Julie: When I first went online to replace the former love of my life with an Internet mate, it was back in 1994. I was one of the first of my friends to go online. I was a bit embarrassed then, so I did not tell others that I met my dates online. When asked, I simply said, “We met on a blind date.” While that was true, I didn’t feel comfortable elaborating. Now, fifteen years later, I don’t believe there is a taboo or stigma associated with online dating. Many singles have met their spouses in online dating sites, and by spreading the good news, it gives hope to other singles who really want to meet someone special. At first, I told people that a friend insisted that I go online. Now, I tell others specifically what Internet dating sites that I am a member of.
Julie: I believe that technology makes it easier to meet more people in a faster way. If you wait for your friends to fix you up, you may be waiting for a long time. The technology may speed up the process, but one still needs to take their time in getting to know someone they first meet.
Some singles enjoy text messaging and that instant response. It can create a “false high” as you don’t know about the accuracy of their profiles and representations. Video chat and text messaging can make your experience more fun and flirty. Others prefer an initial email, then moving to a phone call, with the end result of making a date to meet in person.
Sometimes, the problem with sending emails and text messages is that you can’t assume someone actually has received your communications. Relying solely on text messages and email communications is not always effective, as you don’t hear the sound of someone’s voice. They may be kidding around and have a sense of humor, but the recipient may feel differently, have their feelings hurt, and may move on to the next potential cyber-date. I am a believer if you have something to say to someone that could hurt his or her feelings, don’t push the “send” button, or send the email to yourself. You may feel differently about it in the morning. I was dumped by my fiancé in an email and it really hurt.
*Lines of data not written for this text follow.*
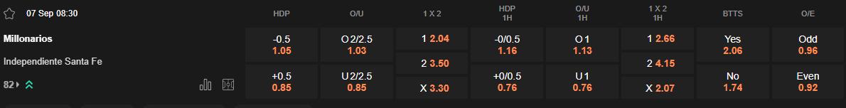 Soi kèo hiệp 1 Millonarios vs Santa Fe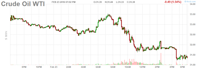 Giá dầu thô Mỹ giao tháng Tư giảm 1,52USD, tương ứng 4,6%, xuống 31,87USD/thùng trên sàn New York Mercantile Exchange.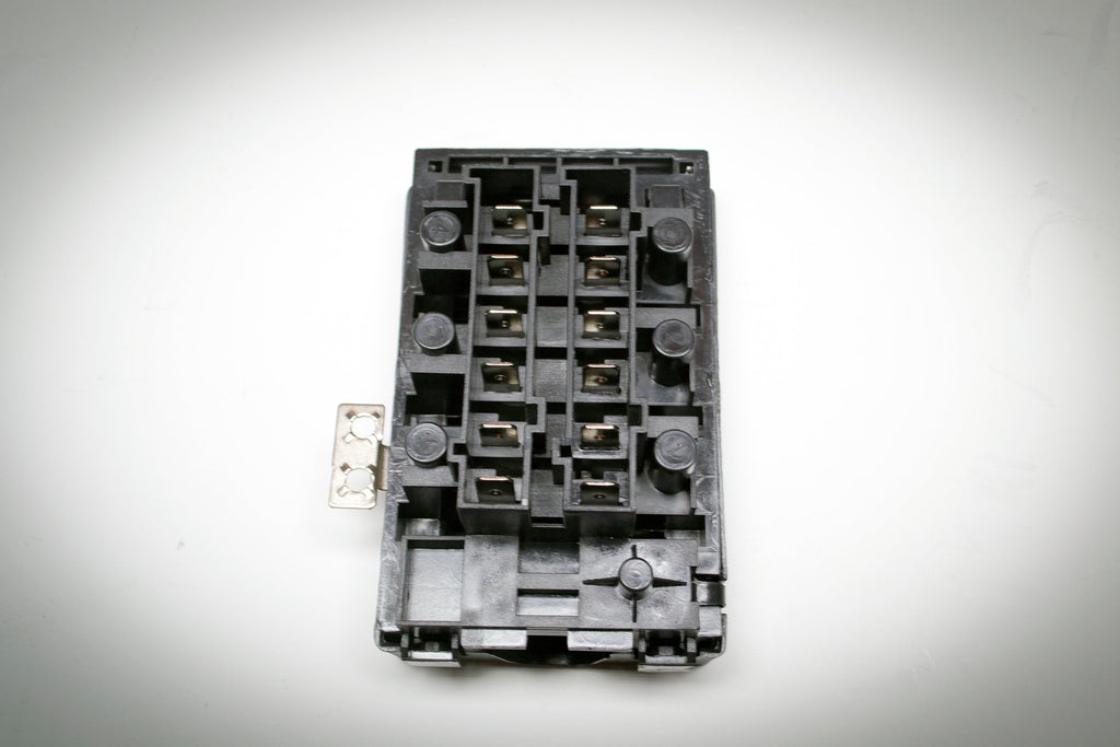 Mains terminal block, the connection between the fixed wiring and the appliance for some models of Vogue & Robinhood oven & cooktop. These usually burn out due to poorly tightened connectors within the block, its important to have these fitted by a qualified electrician. Designed to be connected with circular flexible cable.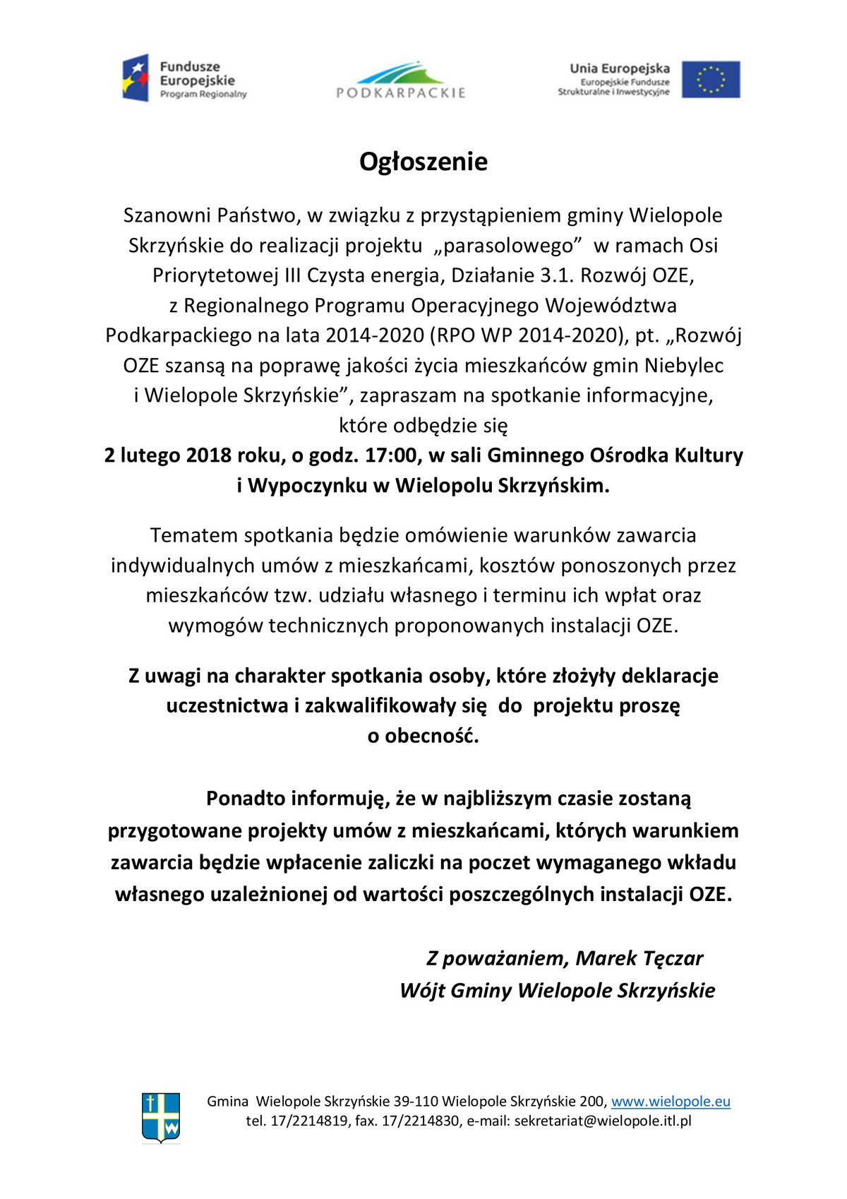 Serdecznie zapraszamy na spotkanie informacyjne w związku z przystąpieniem gminy Wielopole Skrzyńskie do realizacji projektu „parasolowego” w ramach Osi Priorytetowej III Czysta energia, Działanie 3.1. Rozwój OZE, z Regionalnego Programu Operacyjnego Województwa Podkarpackiego na lata 2014-2020 (RPO WP 2014-2020), pt. „Rozwój OZE szansą na poprawę jakości życia mieszkańców gmin Niebylec i Wielopole Skrzyńskie”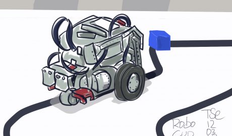 IPAD – Sketch nach Foto, Besucher*innen beim Robocup der Schulen, Lego-Roboterweiter lesen – genauer schauen >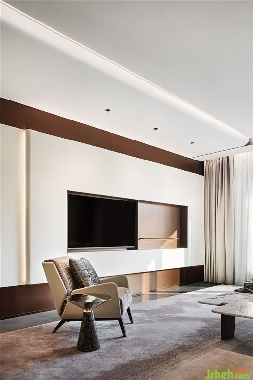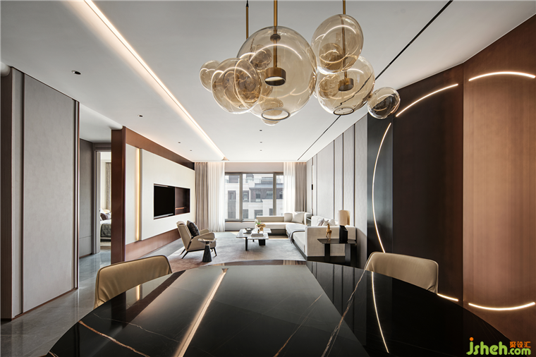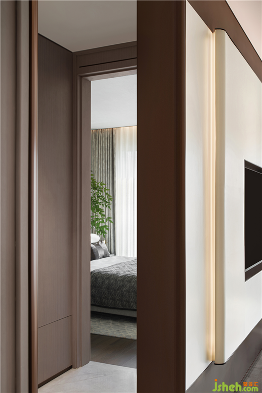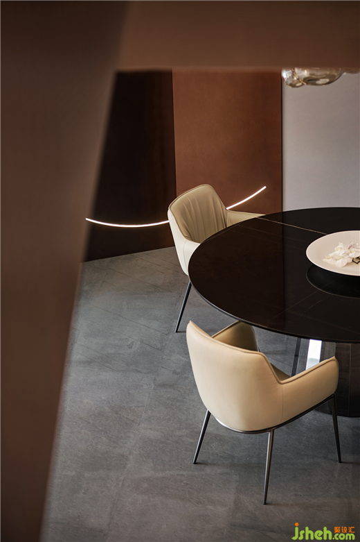 從客餐廳過渡到臥室及書房,空間的穩(wěn)重感逐漸增強(qiáng),冷靜而情感細(xì)膩的調(diào)性,而這一切,無需張揚(yáng),豪宅設(shè)計(jì)只需以簡(jiǎn)馭繁,靜默喚醒;無論是日間穿透窗戶自然的光線,還是夜間氛圍柔和的照明情景,無論是與家人聚會(huì)聊天,還是獨(dú)自休憩放松。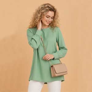 Light Grey Modest Tunic for Women – Button Cuff Long Shirt | Elegant Casual & Office Wear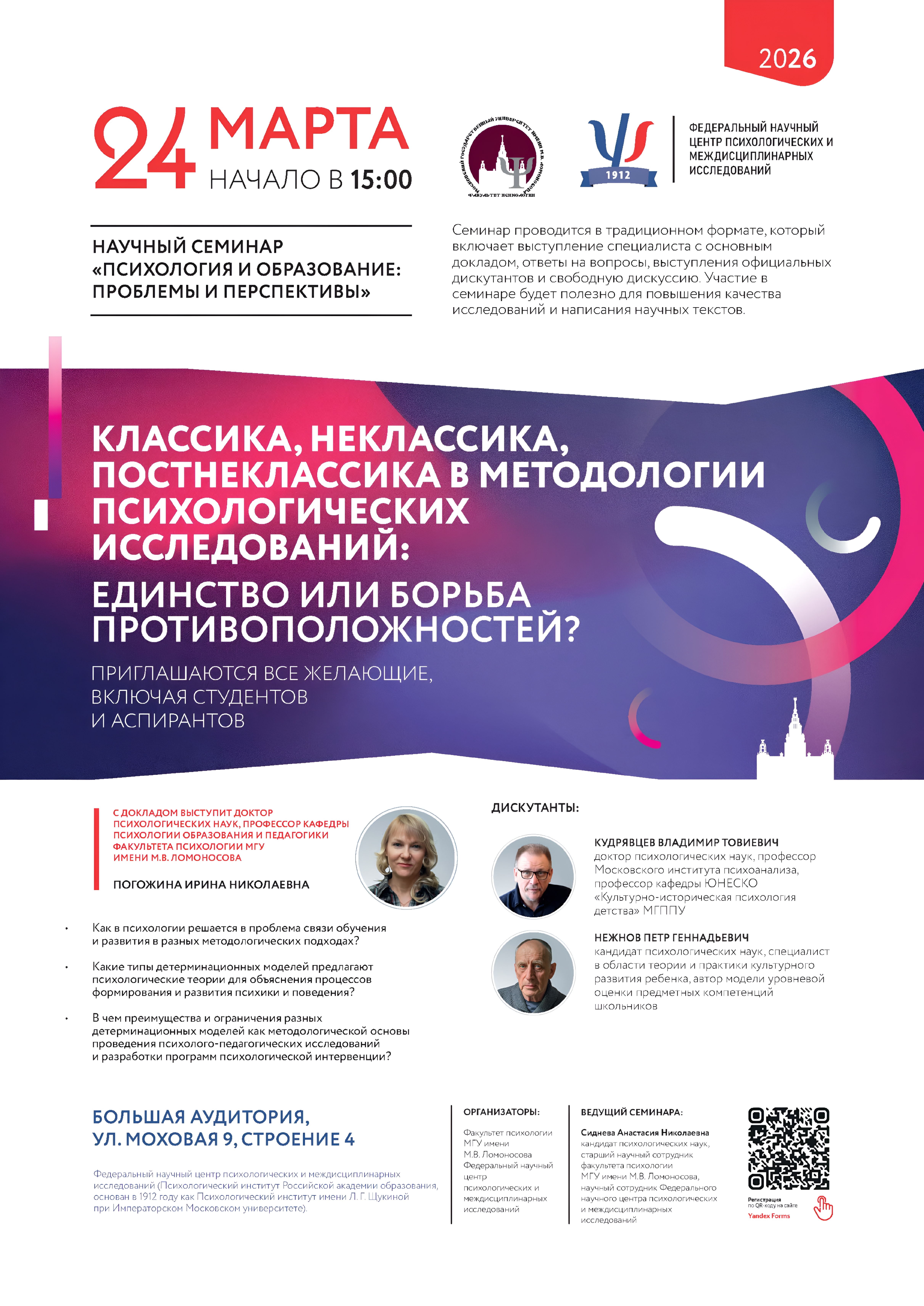 Анонс // Новость24 марта состоится научный семинар «Психология и образование: проблемы и перспективы»Вести образования / 23 марта 2026Теги:семинарпсихологияанонсЧитайте также в рубрике «Анонс»Государственная академическая капелла Санкт-Петербурга, Музей советских игровых автоматов и другие необычные места, в которых пройдёт Тотальный диктант в этом году 9 апреляВ СКОЛКЕ пройдёт конференция #ВДЕЛЕ_кадры для космической экономики 8 апреляФонд «Обнажённые сердца» запустил информационную кампанию «Аутизм: у меня нет есть слов» 2 апреля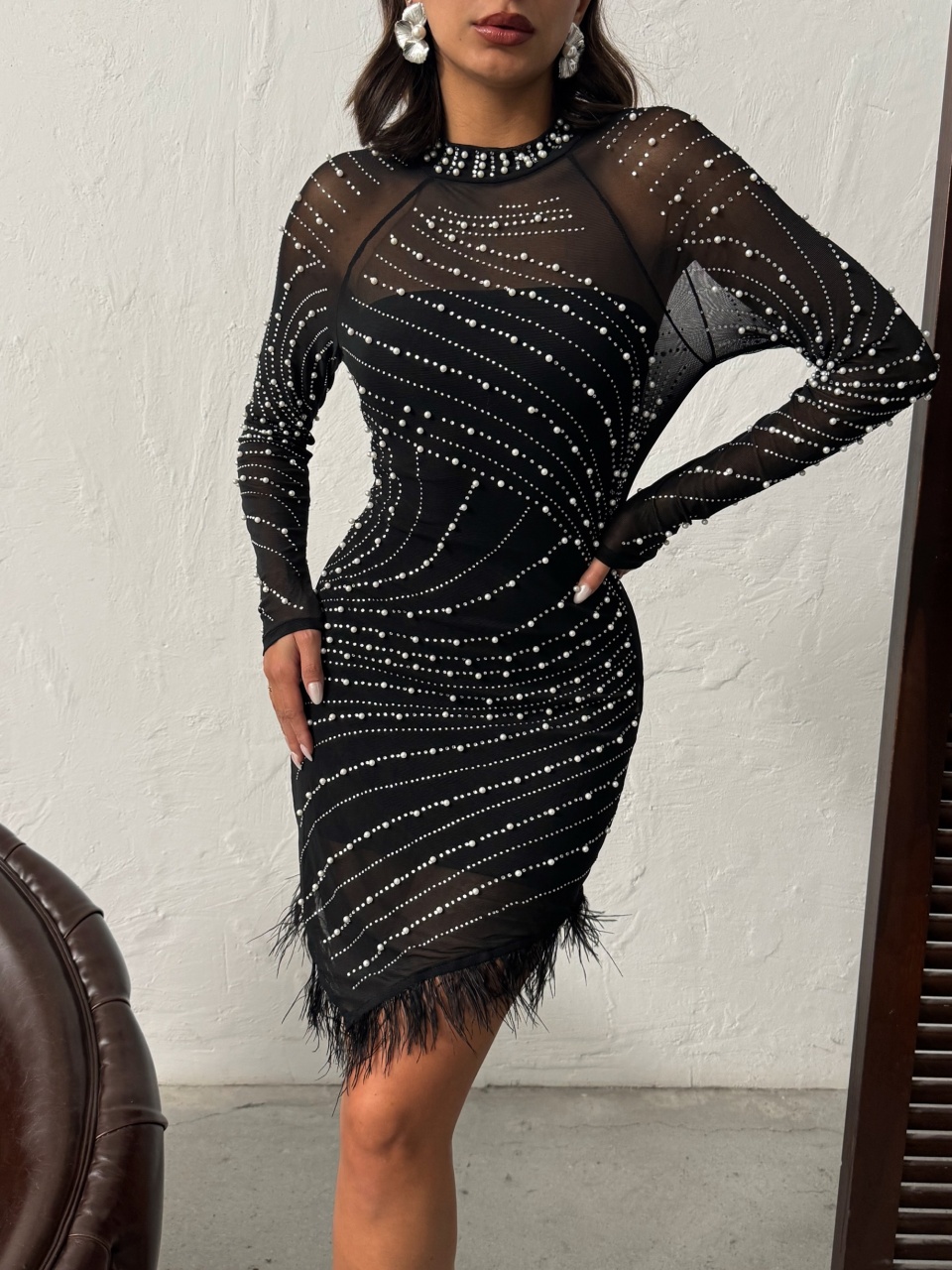Rochie elegant scurta accesorizata cu strasuri si fulgi

Julie: I believe there is something for everyone. There are so many niche sites available now for people with similar interests such as dog lovers, astrology buffs, and music fans. The traditional sites have a large membership base such as Match.com, eHarmony, Matchmaker.com, and Yahoo! Personals. I am a fan of Plenty of Fish, as their site is completely free and in today’s economy, that is a draw for online daters. I recommend online daters to sign up for more than one site and see which one works best for them.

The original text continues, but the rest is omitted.